Don't ignore bulk sequential performance - you will need a lot of sequential performance for backups.

If you want to use hardware snapshots\replication then factor in both the capacity and the performance overhead associated with them. Good snapshot technology adds little IO overhead itself but if you start mounting snapshots on multiple systems the additional IO load will add up. From a capacity perspective Snapshots can use anything from as little as 10% of the base volume size to >100%.

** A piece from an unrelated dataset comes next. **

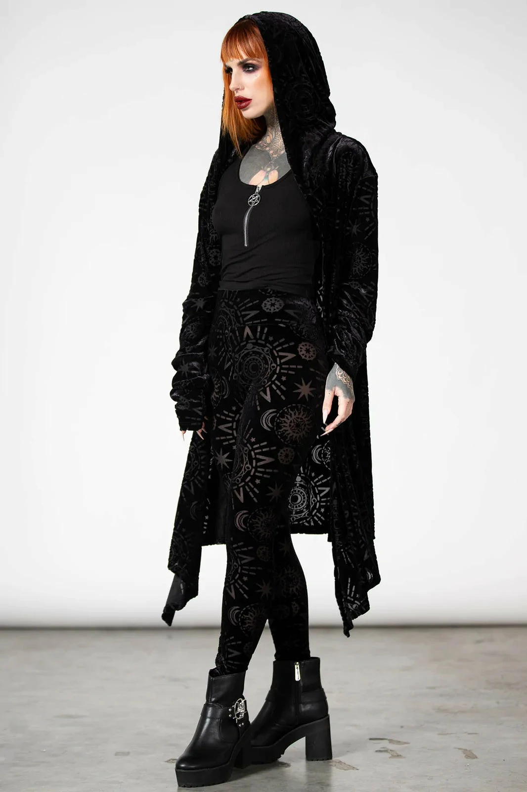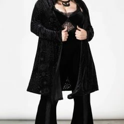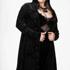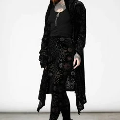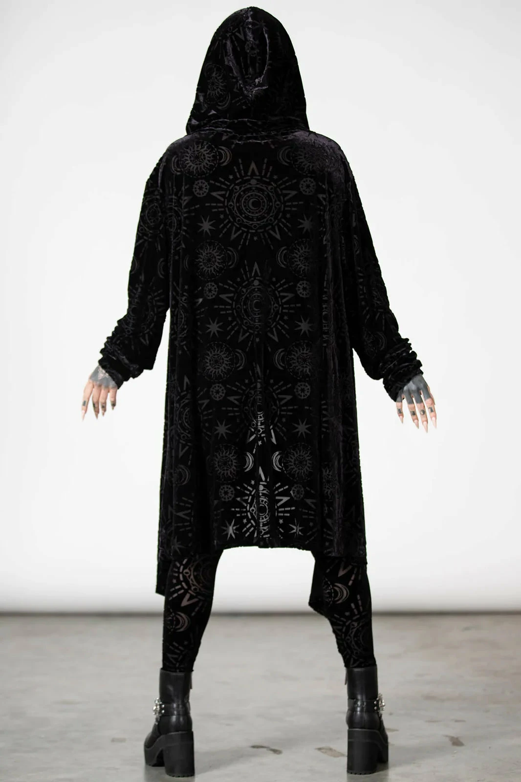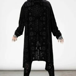 Beautiful long black velvet cardigan from Killstar that is made from a luxuriously soft stretchy embossed velvet fabric with statement pattern that will give you the ultimate comfort and flowing loose elegant style. This must-have long cardigan looks great on everyone and features a hanky hem and oversized hood! Perfect for layering!

Bear in mind that the baseline IOPS numbers I mentioned above are worst case extended scenarios where the Storage Array controller's write cache is overstressed, ideally you'd like to avoid that but you need to know if the underlying disks can handle the load.

Remember that you need to think about how the various loads associated with your storage volumes will be carved up from the disk combinations and you will want to ensure that heavy IO loads are kept apart and are placed on groups of disks with enough spindles and a RAID type like 10 or 50 that delivers (relatively) high performance. Bulk low performance storage should be put on cheaper (slower) disks and configured for RAID 5.

Once you have a good idea of what the combinations look like see whether the storage solutions available to you can deliver those characteristics and what the configs look like. Then go looking for prices.

Note I've totally ignored the network part of this - you do need to look at that too but for the most part 2G\4G FC \ a couple of iSCSI GigE ports will allow you to saturate random IO on any entry level SAN. A single GigE interface should be able to handle >10000 small (<4K) random IOPS for example,. If your loads are heavily geared towards sequential IO then you want to have many fat pipes - as few as 2 10k disks can stream data faster than a single GigE network link (>125Meg/sec) and an 8 drive RAID 10 array (>500Meg/sec) would give 4G FC a tough time.